§ **WORK ORDER**
If the records include pictures, omit them and set down everything else verbatim.

§ **RECORDS PROVIDED**
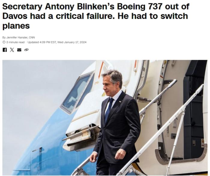 中新網(wǎng)1月18日電 據(jù)美國有線電視新聞網(wǎng)(CNN)報(bào)道,當(dāng)?shù)貢r(shí)間1月17日,美國國務(wù)卿布林肯參加完達(dá)沃斯論壇從瑞士蘇黎世返程時(shí),其乘坐的波音737飛機(jī)出現(xiàn)“嚴(yán)重故障”。
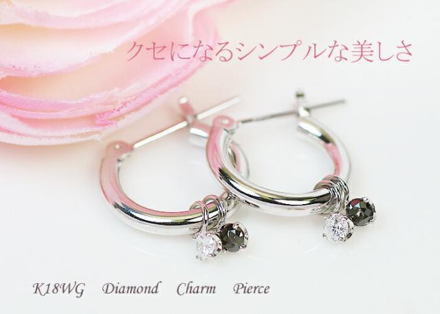 ピアス ブラック ダイヤモンド 0.1ct 18金 ホワイトゴールド K18 WG フープ クロッシング レディース アクセサリー ジュエリー ギフト 160229 ダイヤ
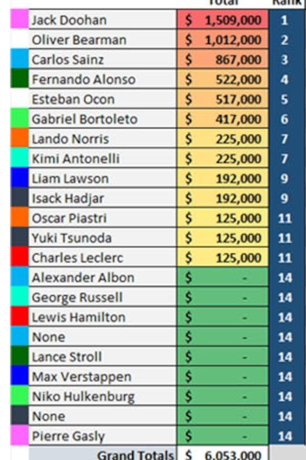 - Oliver Bearman (Haas): 1.012.000 dólares
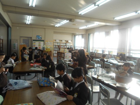 学校図書館(図書室)で図書の時間でした。次はどの本を読もうかじっくり選んでいました。
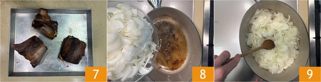 Quando a carne estiver bem caramelizada, retire-a da panela e reserve 7. Na mesma panela, adicione as cebolas 8 e deixe pegar sabor por alguns instantes 9.
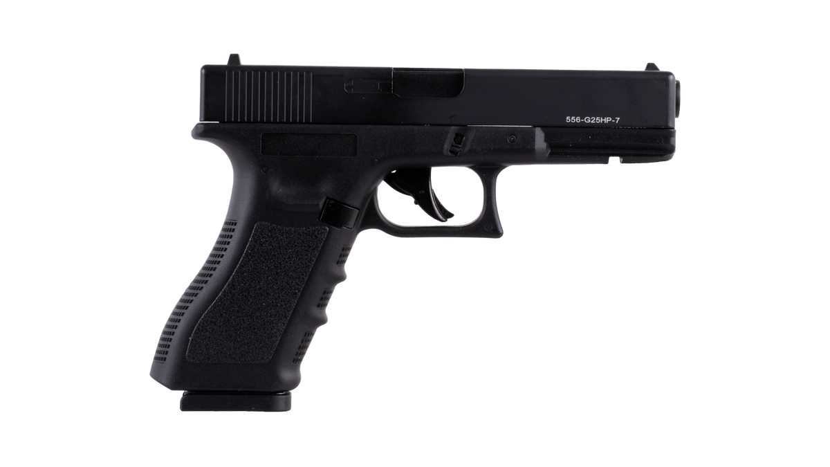 • Niksan Defense NKS GL17, CO2-powered BB air pistol, a faithful replica of the Glock 17. This model features a metal slide with a blowback system that realistically simulates the operation of a real firearm. Black finish.
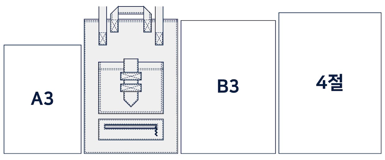 A3백의 사이즈는 가로 36cm, 세로 52cm, 폭 10cm 입니다. A3파일의 크기나 두께를 고려해도 편안하게 넣을 수 있고, 가방입구에 있는 자석잠금장치를 활용할 수 있게 제작되었습니다. 가방의 폭이 10cm라 A3파일 2개까지는 편안히 넣으실 수 있어요. B3와 4절 사이즈의 경우 가방에 넣을 수는 있으나 입구의 자석 잠금장치는 사용은 불가합니다.

§ **SOLUTION FOR THIS TASK**
 中新網(wǎng)1月18日電 據(jù)美國有線電視新聞網(wǎng)(CNN)報(bào)道,當(dāng)?shù)貢r(shí)間1月17日,美國國務(wù)卿布林肯參加完達(dá)沃斯論壇從瑞士蘇黎世返程時(shí),其乘坐的波音737飛機(jī)出現(xiàn)“嚴(yán)重故障”。
 ピアス ブラック ダイヤモンド 0.1ct 18金 ホワイトゴールド K18 WG フープ クロッシング レディース アクセサリー ジュエリー ギフト 160229 ダイヤ
 - Oliver Bearman (Haas): 1.012.000 dólares
 学校図書館(図書室)で図書の時間でした。次はどの本を読もうかじっくり選んでいました。
 Quando a carne estiver bem caramelizada, retire-a da panela e reserve 7. Na mesma panela, adicione as cebolas 8 e deixe pegar sabor por alguns instantes 9.
 • Niksan Defense NKS GL17, CO2-powered BB air pistol, a faithful replica of the Glock 17. This model features a metal slide with a blowback system that realistically simulates the operation of a real firearm. Black finish.
 A3백의 사이즈는 가로 36cm, 세로 52cm, 폭 10cm 입니다. A3파일의 크기나 두께를 고려해도 편안하게 넣을 수 있고, 가방입구에 있는 자석잠금장치를 활용할 수 있게 제작되었습니다. 가방의 폭이 10cm라 A3파일 2개까지는 편안히 넣으실 수 있어요. B3와 4절 사이즈의 경우 가방에 넣을 수는 있으나 입구의 자석 잠금장치는 사용은 불가합니다.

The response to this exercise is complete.